▶ **AIM OF THE TASK**
Apart from the images, output the data below exactly.

** Opening DATASET block **

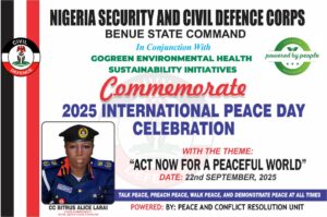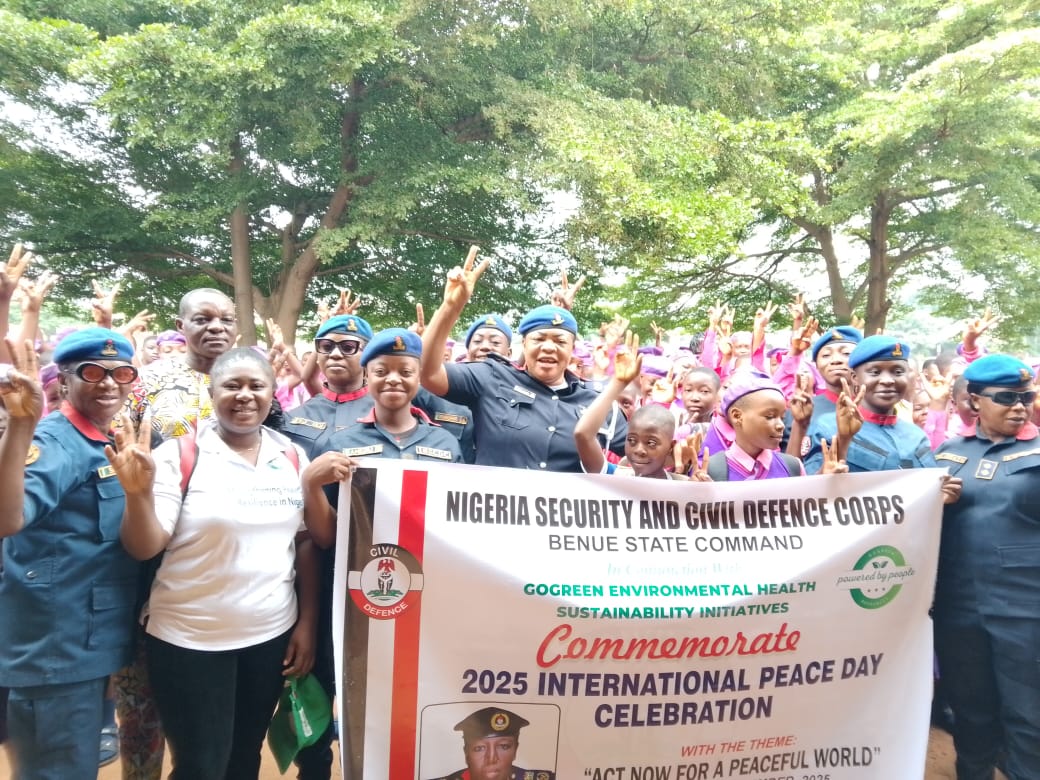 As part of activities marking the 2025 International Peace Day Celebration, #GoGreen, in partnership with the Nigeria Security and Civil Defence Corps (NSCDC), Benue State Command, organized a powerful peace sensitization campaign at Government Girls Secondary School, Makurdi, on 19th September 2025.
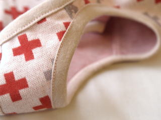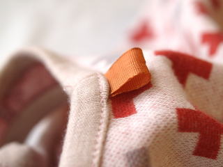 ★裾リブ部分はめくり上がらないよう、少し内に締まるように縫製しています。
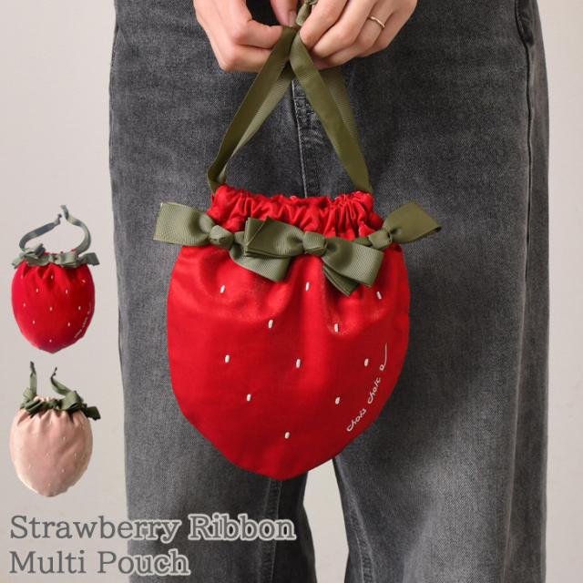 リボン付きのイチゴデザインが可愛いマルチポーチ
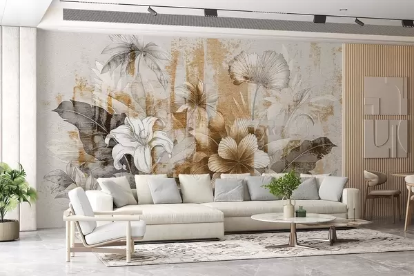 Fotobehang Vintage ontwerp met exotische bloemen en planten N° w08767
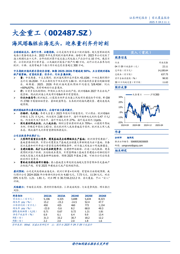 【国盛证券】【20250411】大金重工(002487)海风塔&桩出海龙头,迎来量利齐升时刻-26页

** Closing DATASET block **

▶ **ANSWER SPACE**
 As part of activities marking the 2025 International Peace Day Celebration, #GoGreen, in partnership with the Nigeria Security and Civil Defence Corps (NSCDC), Benue State Command, organized a powerful peace sensitization campaign at Government Girls Secondary School, Makurdi, on 19th September 2025.
 ★裾リブ部分はめくり上がらないよう、少し内に締まるように縫製しています。
 リボン付きのイチゴデザインが可愛いマルチポーチ
 Fotobehang Vintage ontwerp met exotische bloemen en planten N° w08767
 【国盛证券】【20250411】大金重工(002487)海风塔&桩出海龙头,迎来量利齐升时刻-26页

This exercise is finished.